The rain continued on our drive back towards the guest house and as we were weaving through the outskirts of Ballydavid a silhouette emerged on the side of the road and indicated that it would like a ride. Never ones to to leave a stooping old man out in the rain, we slowed down, pulled over, and he crawled into the back seat.

We greeted him and were met with some indecipherable dialect of muddled speech, so addled by age and whiskey that after I posed that he may only speak Gaelic, Harry wondered if he was speaking anything at all. No matter, the man fastened his seat belt and we were off. We had made it only 100 meters before he indicated to us through insistent mumbling and gesticulation that we were going in the wrong direction.

I have not hitchhiked often, but my understanding of the process is that it is uncommon for the rider to inform the driver that he is going in precisely the wrong direction.

But the man seemed quite comfortable, and who were we to throw him back out in the weather? Besides, it was a layover day on the coast and raining. We headed back past where we’d picked him up, and started looking for where he might want to go. He indicated forward, mumbled to himself or his audience, and would  from time to time erupt laughing to some private joke. We continued driving through the narrow, twisting roads of rural Ireland and before long the lanes widened, the houses became more sparse, and we were headed towards the open road. I thought perhaps to Dublin, but Harry seemed to think we were headed more towards Galway.

Harry asked him where he was headed, although at this point we were fairly committed to driving until he indicated that we should stop. “A Laic,” we understood him to say. Harry looked for A Laic on the map, to no avail. “Can you show us where A Laic is?” Harry asked him, holding up the tourist map of the entire island. He responded only with another large grin and two thumbs up. We settled in for the long haul and hoped that we didn’t run out of fuel.

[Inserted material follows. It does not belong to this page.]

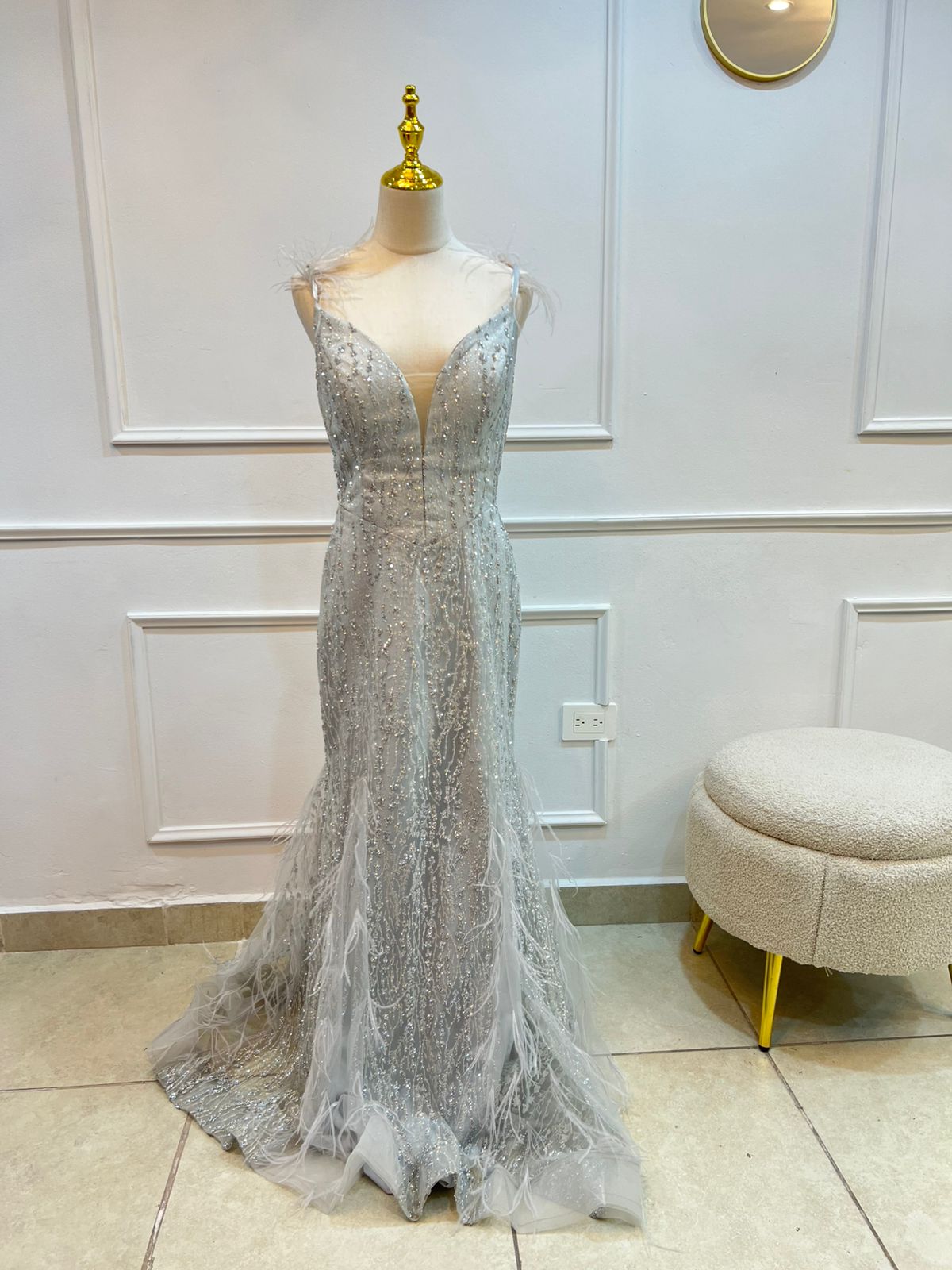 TIRANTE DE PLUMAS, ESCOTE V, ABERTURA EN P, CON PLUMAS GLITTER

We never made it to Galway or Dublin. We found ourselves before long returning to Dingle by a route more direct than we knew. While it was quite in the opposite direction that we had intended at the time, we expected that it would save us some effort when we headed back in the afternoon. Before our new friend set off on foot into Dingle, we shook hands and snapped a quick photo.

We made it to Dingle!

Just as he turned a corner to disappear I had a revelation. “Best of luck, Alec!” we called to him. He hunched his shoulders more against the storm and turned silently out of sight.